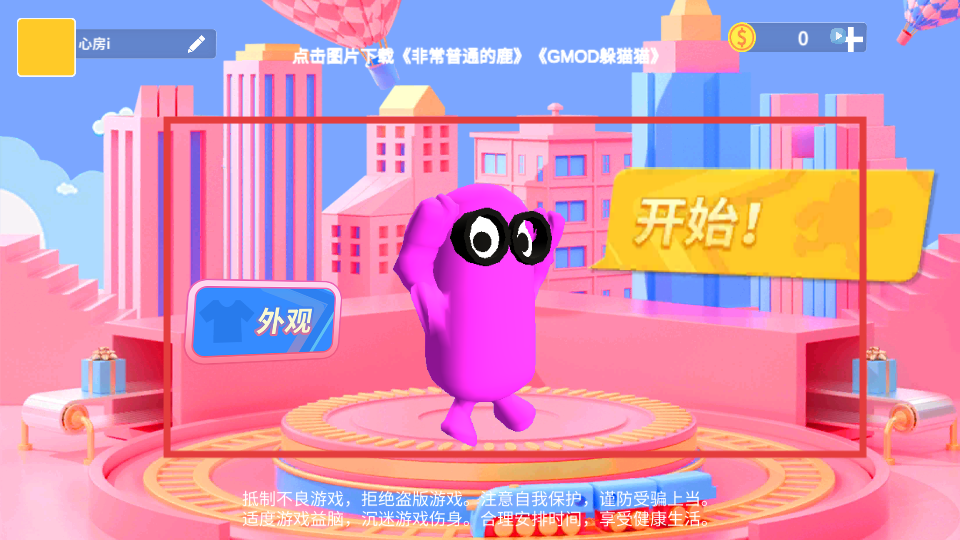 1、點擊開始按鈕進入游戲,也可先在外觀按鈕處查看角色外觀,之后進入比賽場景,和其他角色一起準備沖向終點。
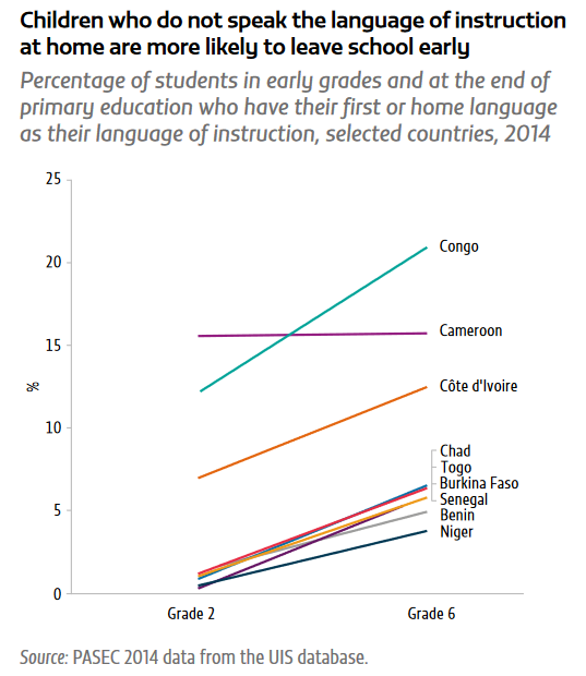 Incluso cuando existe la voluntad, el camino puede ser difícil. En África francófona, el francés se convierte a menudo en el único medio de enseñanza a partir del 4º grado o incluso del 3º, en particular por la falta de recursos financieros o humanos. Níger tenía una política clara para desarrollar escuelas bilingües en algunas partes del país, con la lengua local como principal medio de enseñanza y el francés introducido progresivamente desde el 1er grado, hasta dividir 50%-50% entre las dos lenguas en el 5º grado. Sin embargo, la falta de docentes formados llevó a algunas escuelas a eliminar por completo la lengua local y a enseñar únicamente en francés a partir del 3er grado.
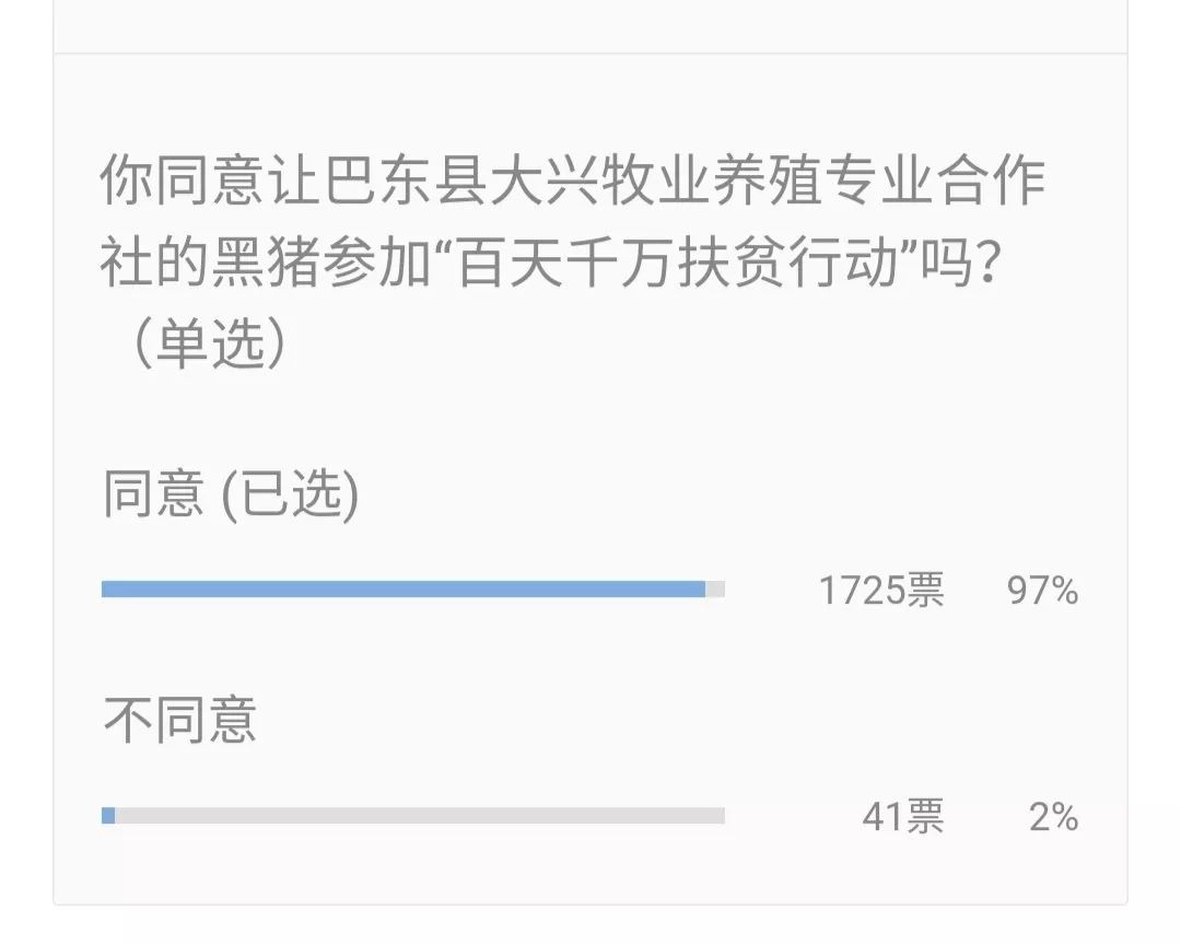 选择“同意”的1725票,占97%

**What needs to be done:**
Would you copy all the material exactly, dropping the pictures?

**Completed task:**
 1、點擊開始按鈕進入游戲,也可先在外觀按鈕處查看角色外觀,之后進入比賽場景,和其他角色一起準備沖向終點。
 Incluso cuando existe la voluntad, el camino puede ser difícil. En África francófona, el francés se convierte a menudo en el único medio de enseñanza a partir del 4º grado o incluso del 3º, en particular por la falta de recursos financieros o humanos. Níger tenía una política clara para desarrollar escuelas bilingües en algunas partes del país, con la lengua local como principal medio de enseñanza y el francés introducido progresivamente desde el 1er grado, hasta dividir 50%-50% entre las dos lenguas en el 5º grado. Sin embargo, la falta de docentes formados llevó a algunas escuelas a eliminar por completo la lengua local y a enseñar únicamente en francés a partir del 3er grado.
 选择“同意”的1725票,占97%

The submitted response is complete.